Copernicus                              Alpine Valley                         Aristarchus
Fantastic images by Charles Genovese with a 10" f/6 Newtonian telescope, eyepiece projection at f/42, a Murnaghan RG camera, Hi-8 video tape, Computer eyes R+ monochrome image capture digitizer, and SkyPro for processing frames, (unless otherwise noted). First image is mighty Copernicus. Next is the Alpine Valley. On the right is the lunar crater, Aristarchus, the brightest spot on the Moon, well-recorded in this digitized single frame, processed by SkyPro.

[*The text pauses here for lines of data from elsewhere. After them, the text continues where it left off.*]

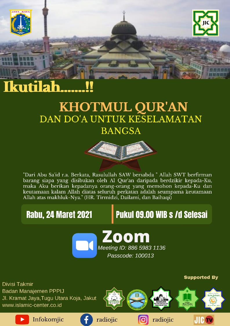 JIC – Saat ini Indonesia sedang dalam ujian dan masalah, maka sebagai upaya meraih pertolongan Allah SWT untuk mengatasi semua problem dan ujian ini, mari kita sama-sama ikuti acara Dzikir dan Do’a dalam acara KHOTMUL QUR’AN BULANAN. Sebagai salah satu cara ikhtiar kita untuk memohon kepada Allah SWT.
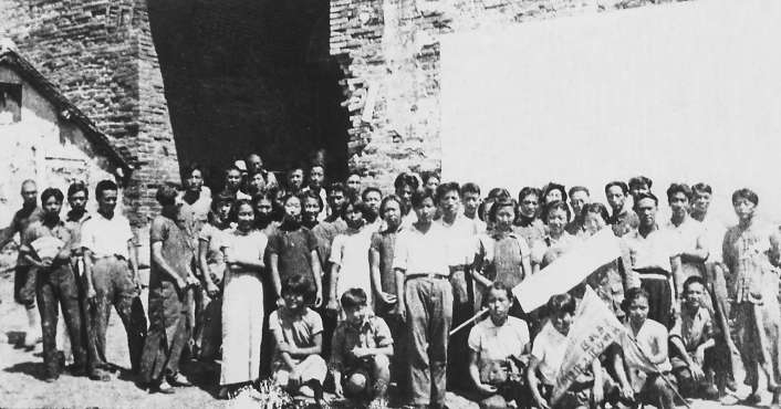 1938年,臧克家率领的第五战区战时文化工作团与河南“战教团”联合演出后合影。站立者右六为臧克家。
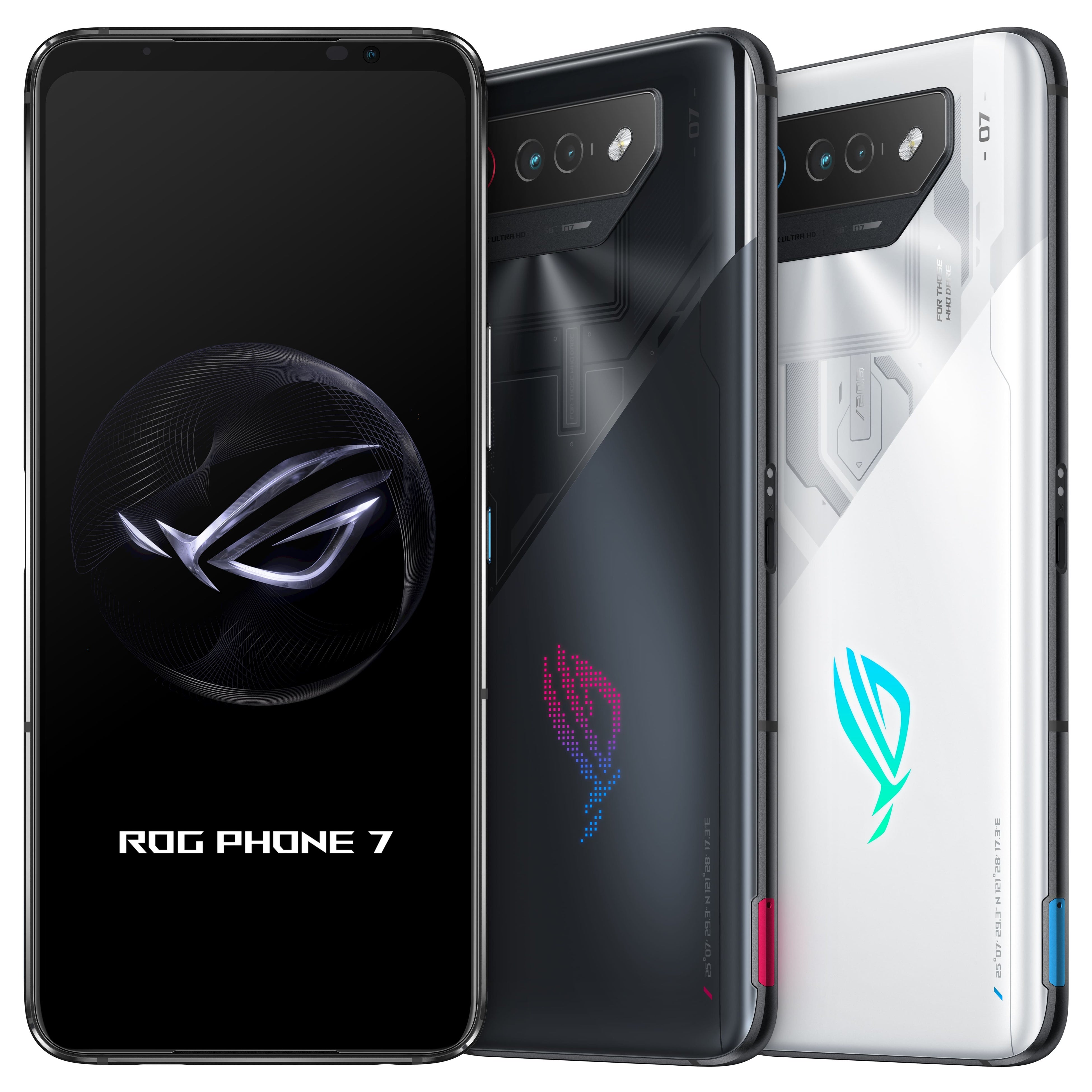 左からROG Phone 7 Ultimate、ROG Phone 7 ファントムブラック、ROG Phone 7 ストームホワイト

Copernicus, Full-Sized          Alpine Valley, Full-Sized          Aristarchus, Full-Sized

 Other Images, Thumbnails & Full-Sized

By Charles R. Genovese, Jr., M.D.

My interest in astronomy began over thirty years ago, and during my teenage years I captured many pleasing images of the Moon and planets and deep sky objects on film. Though I never lost interest for over 25 years, there were too many distractions and never enough time to restart serious observing and photography. About three years ago I began observing in earnest again and moved up from my venerable RV-6 Dynascope, which still is in excellent condition after having the mirrors recoated about four years ago, to a 10" f/6 Newtonian. I longed to begin imaging again but I still did not have the time for conventional photography and all the associated darkroom work, and I rejected purchasing a  conven- tional camera because in our humid weather, the idea of moving a computer outside was absurd (because it was my wife's computer anyway).

After an article in Sky & Telescope, I tried videotaping with a hand-held camcorder and found it worked amazingly well. My next step was an inexpensive black & white security camera known as a GBC-400. This camera is not much larger than a pack of cigarettes, weighs nine ounces, has a sensitivity of .03 lux and has 512 by 412 pixels on an interline chip and outputs over 400 lines of resolution. Videotapes of the Moon, Jupiter and Saturn were beyond my wildest expectations. Using eyepiece projection, fine detail easily visible on the screen was better than I could see directly! In fact, the first time I noticed that there was a rille in the center of the Alpine Valley was with this set-up and is only .3 arc-seconds wide!

Using eyepiece projection, the image scale can be as high as 0.3 arc-seconds per millimeter, giving 87 arc seconds across the 11 inch wide monitor screen. In addition, I was in complete comfort; I did not have to sit still and become a mesquito blood feast! Moments of of good seeing could be repeated over and over again by replaying the tape, not only that night, but for others at anytime, and a crowd could watch the monitor all at once. Mesurements could also be taken directly from the screen and events such as shadow movement on the Moon, eclipse progression, rotation of Jupiter or moon movements could be captured in real time. If I had a clear sky for comet Shoemaker-Levy's crash, I could have recorded the impact flash as it crept above the limb! Oh well, next time...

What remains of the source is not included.